Löfberg E, Essén P, McNurlan M, Wernerman J, Garlick P, Anderstam B, Bergström J, Alvestrand A
Department of Clinical Science, Huddinge University Hospital, Karolinska Institute, Stockholm, Sweden.
Clin Nephrol. 2000 Oct;54(4):284-94.
Earlier studies have shown that hemodialysis (HD) treatment stimulates net protein catabolism. Several factors associated with HD affect protein catabolism, such as an inflammatory effect due to blood-membrane contact and loss of amino acids and glucose into the dialysate.

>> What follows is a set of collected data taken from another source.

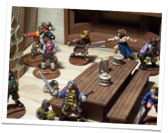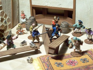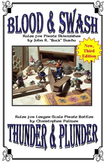 This booklet includes two complete sets of rules. Blood and Swash, written by me, is a set of rules for small pirate barroom brawls. Thunder and Plunder, written by Chris Palmer, is a set of rules for larger pirate actions involving "units" of ten or so pirates.
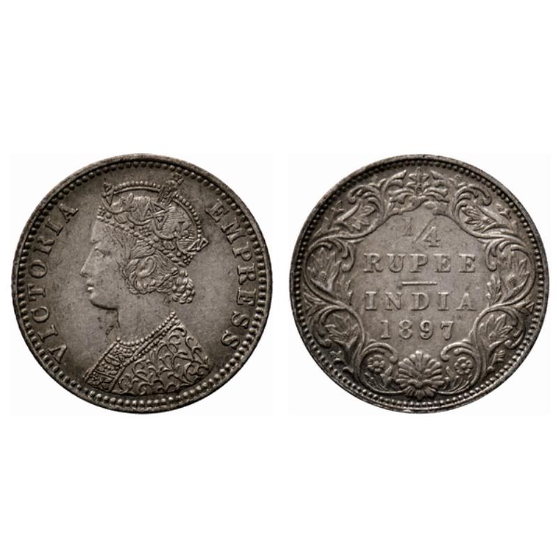 Victoria Empress, Silver ¼ Rupee, 1897, Bombay Mint, C(i)/I, B incused. GK 731.
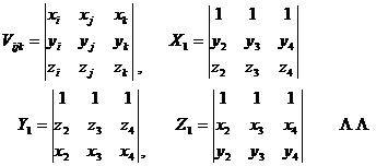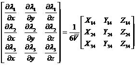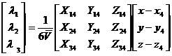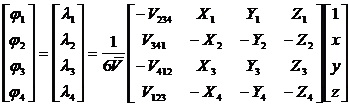 is the volume coordinates ( i = 1, 2, 3, 4 ), and the linear relationship between them and the rectangular coordinates is![]()
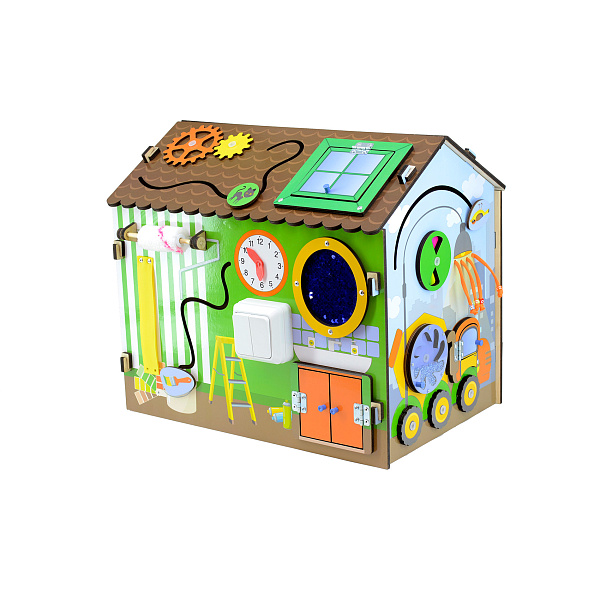 Объемную игрушку можно предложить в качестве обучающего развлечения мальчику старше 3 лет. Ребенка надолго займут манипуляции с подвижными деталями, имеющимися на стенках фанерного домика. В результате игровой деятельности активируется моторика рук, пространственное и логическое мышление, воображение, память и речь. Игрушка станет центром, вокруг которого можно придумать немало захватывающих сценариев.
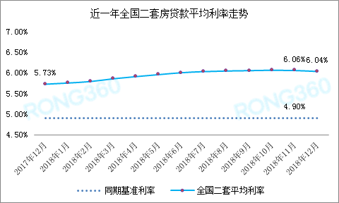 融360监测数据显示,2018年12月北上广深一线城市处于[5.09%,5.57%]区间,北京首套房贷款平均利率为5.45%,较上月回落2BP;上海为5.09%,较上月回落10BP;广州为5.55%,较上月回落7BP;深圳为5.57%,较上月回落4BP。 1.2全国二套房贷款政策变动情况 1.2.1二套房贷款平均利率为6.04% 连续两月回落 图1-8 近一年全国二套房贷款平均利率走势 数据来源:融360大数据研究院 2018年12月全国二套房贷款平均利率为6.04%,较上月回落2BP,已连续两月出现回落,本月二套贷款平均利率环比下降0.33%。 融360监测的35个城市533家银行分(支)行中,二套房贷利率有24家银行执行基准上浮10%,较上月新增3家;有32家银行执行基准上浮15%,较上月新增11家;有225家银行执行基准上浮20%,较上月新增3家;有224家银行执行基准利率上浮20%以上,较上月减少18家。 图1-9 近一年全国二套房贷款利率分布占比 数据来源:融360大数据研究院 融360统计的35个城市533家银行分(支)行中,二套房贷款利率执行基准到基准上浮10%区间的占比为4.50%;执行基准上浮10%以上的占比为91.18%,二套房停贷占比为4.32%,持平上月。 1.2.2二套房首付情况暂未受影响,仍旧稳定 融360监测数据显示,全国533家银行中,二套房执行首付4成的银行共有183家,执行5成、6成、7成以及8成的银行数分别为93家、96家、58家和31家。 表1-2 35个城市二套房主流首付比例一览
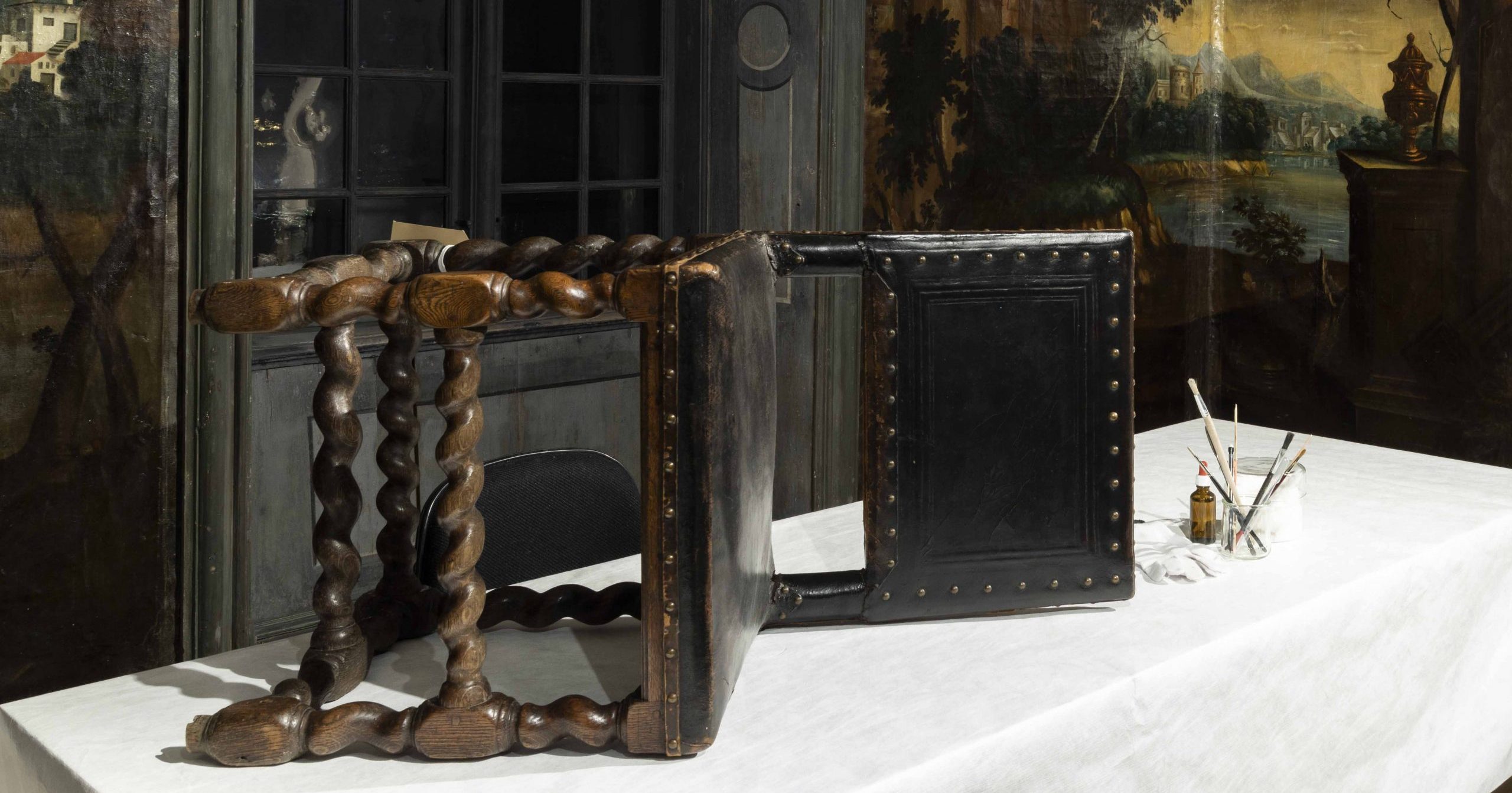 Toppbild & bild: konservering i Barockkammaren, foto: Ina Winther Åshaug.
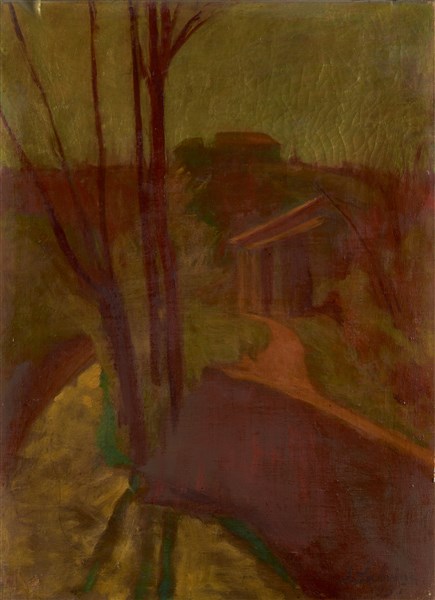 Innocente Salvini "Viale alberato" 1955 olio su tela (cm 80x58) Firmato e datato
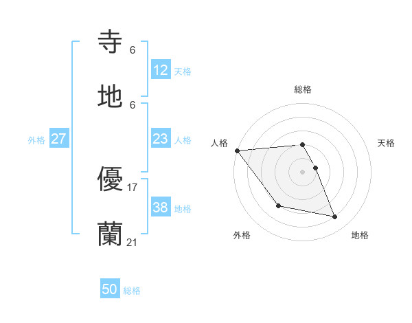 寺地 優蘭さんを姓名の画数から五運を鑑定

SUBJECTS, MATERIAL AND METHODS: We have studied protein synthesis in skeletal muscle of healthy volunteers (n = 9) before and after a single heparin-free HD. Protein synthesis (PS) was studied, using 2 independent techniques: the incorporation of labeled 2H5-phenylalanine into muscle protein, which gives a quantitative measure of the fractional synthesis rate of muscle proteins, and the concentration and size distribution of ribosomes, which gives a qualitative estimate of protein synthesis. Furthermore, free amino acid concentrations were determined in muscle and plasma.
The rate of PS, expressed as the fractional synthesis rate, decreased by 13% during HD (p < 0.02). The capacity for PS, as reflected by the total concentration of ribosomes, was reduced by 22% (p < 0.02) and the activity of PS, expressed as the relative proportion of polyribosomes, decreased from 48.4 +/- 0.9% to 44.8 +/- 0.8% after dialysis (p < 0.01). There was a total loss of 5.8 +/- 0.3 g amino acid to the dialysate. Plasma and muscle free amino acid concentrations were determined at four time points; before and after the phenylalanine incorporation period, before dialysis and before and after the second incorporation period after dialysis. Immediately after dialysis, there was a decrease in plasma asparagine, histidine, alanine, taurine, valine and tryptophane. In muscle, no changes occurred except for a slight increase in leucine after dialysis. In blood, the glucose concentration decreased and the total amount of glucose lost to the dialysate was 21 +/- 3.0 g. In summary, one single hemodialysis treatment decreases fractional protein synthesis rate in skeletal muscle.
The results demonstrate substantial losses of amino acids and glucose to the dialysate and decreased amino acid concentrations in plasma, but only minimal changes in the intracellular amino acid concentrations in muscle, suggesting that the decreased PS is caused not by lack of amino acid precursors at the site of the synthesis activity, but by other mechanisms.
早期研究表明,血液透析(HD)治疗会刺激净蛋白分解代谢。与血液透析相关的几个因素会影响蛋白分解代谢,比如血液与膜接触产生的炎症效应以及氨基酸和葡萄糖流失到透析液中。
对象、材料与方法:我们研究了9名健康志愿者在单次无肝素血液透析前后骨骼肌中的蛋白合成情况。采用两种独立技术研究蛋白合成(PS):将标记的2H5-苯丙氨酸掺入肌肉蛋白中,以此定量测定肌肉蛋白的分数合成率;以及核糖体的浓度和大小分布,以此定性评估蛋白合成。此外,还测定了肌肉和血浆中的游离氨基酸浓度。
以分数合成率表示的蛋白合成速率在血液透析期间下降了13%(p < 0.02)。以核糖体总浓度反映的蛋白合成能力降低了22%(p < 0.02),以多核糖体相对比例表示的蛋白合成活性在透析后从48.4±0.9%降至44.8±0.8%(p < 0.01)。有5.8±0.3克氨基酸总共流失到透析液中。在四个时间点测定了血浆和肌肉中的游离氨基酸浓度;苯丙氨酸掺入期前后、透析前以及透析后第二个掺入期前后。透析后即刻,血浆中天冬酰胺、组氨酸、丙氨酸、牛磺酸、缬氨酸和色氨酸浓度下降。在肌肉中,除了透析后亮氨酸略有增加外,未发生变化。血液中,葡萄糖浓度下降,流失到透析液中的葡萄糖总量为21±3.0克。总之,单次血液透析治疗会降低骨骼肌中的分数蛋白合成率。
结果表明氨基酸和葡萄糖大量流失到透析液中,血浆中氨基酸浓度降低,但肌肉细胞内氨基酸浓度仅有微小变化,这表明蛋白合成速率降低并非由合成活性部位缺乏氨基酸前体所致,而是由其他机制引起。